Re: How to solve this type of equation in Mathematica?
- To: mathgroup at smc.vnet.net
- Subject: [mg59964] Re: How to solve this type of equation in Mathematica?
- From: Jeffrey Lyons <not-me at nospam.net>
- Date: Fri, 26 Aug 2005 04:54:19 -0400 (EDT)
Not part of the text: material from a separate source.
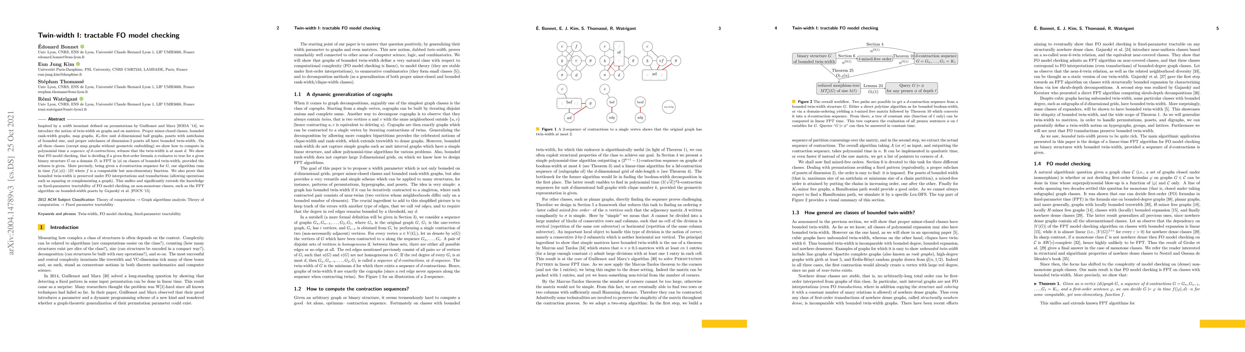 This paper introduces the concept of twin-width for graphs and matrices, demonstrating that several important classes of structures have bounded twin-width. It presents a polynomial-time algorithm for computing a sequence of contractions that witnesses this boundedness, and shows that first-order model checking is fixed-parameter tractable on such classes.

- References: <dehk97$cbs$1@smc.vnet.net> <dek81g$a7m$1@smc.vnet.net>
- Reply-to: not-me at nospam.net
- Sender: owner-wri-mathgroup at wolfram.com
On Thu, 25 Aug 2005 10:54:40 +0000 (UTC), Ronald Bruck <bruck at math.usc.edu> wrote: >In article <dehk97$cbs$1 at smc.vnet.net>, Jeffrey Lyons ><not-me at nospam.net> wrote: > >> Hi, I would like to be able to solve the equation: >> >> Equal[Integrate[Times[Plus[P, x], f[x]], List[x, P, >> DirectedInfinity[1]]], 1] >> >> in Mathematica. Is there any way to do this? >> >> That is I would like to solve for f(x) when we know that >> integrating (x + P) f(x) from P to Infinity over x equals 1. >> > >Nothing beats mathematics. Not even Mathematica. > >Your equation (in LaTeX) is, as I make it out, > > \int_P^\infty (x+P)f(x) dx = 1. > >Assuming f is continuous (!), we can differentiate both sides wrt P to >obtain > > -2P f(P) + \int_P^\infty f(x) dx = 0. > >This implies f is differentiable (except maybe at 0); so we can >differentiate again wrt P, > > -2f(P) - 2P f'(P) - f(P) = 0. > >Thus f'(P) = -3/2 f(P)/P. > >It follows that f(P) = k P^(-3/2). But now you have a problem, >because (x+P)f(x) is NOT integrable at infinity (asymptotically, it's >like k/sqrt(x)). > >I don't think there is such a function. However, I haven't examined >what happens at points of discontinuity. > >--Ron Bruck Ron, are you saying there is no solution to my equation, ie there is no f(x) for which my equation holds?? Just to clarify P>0.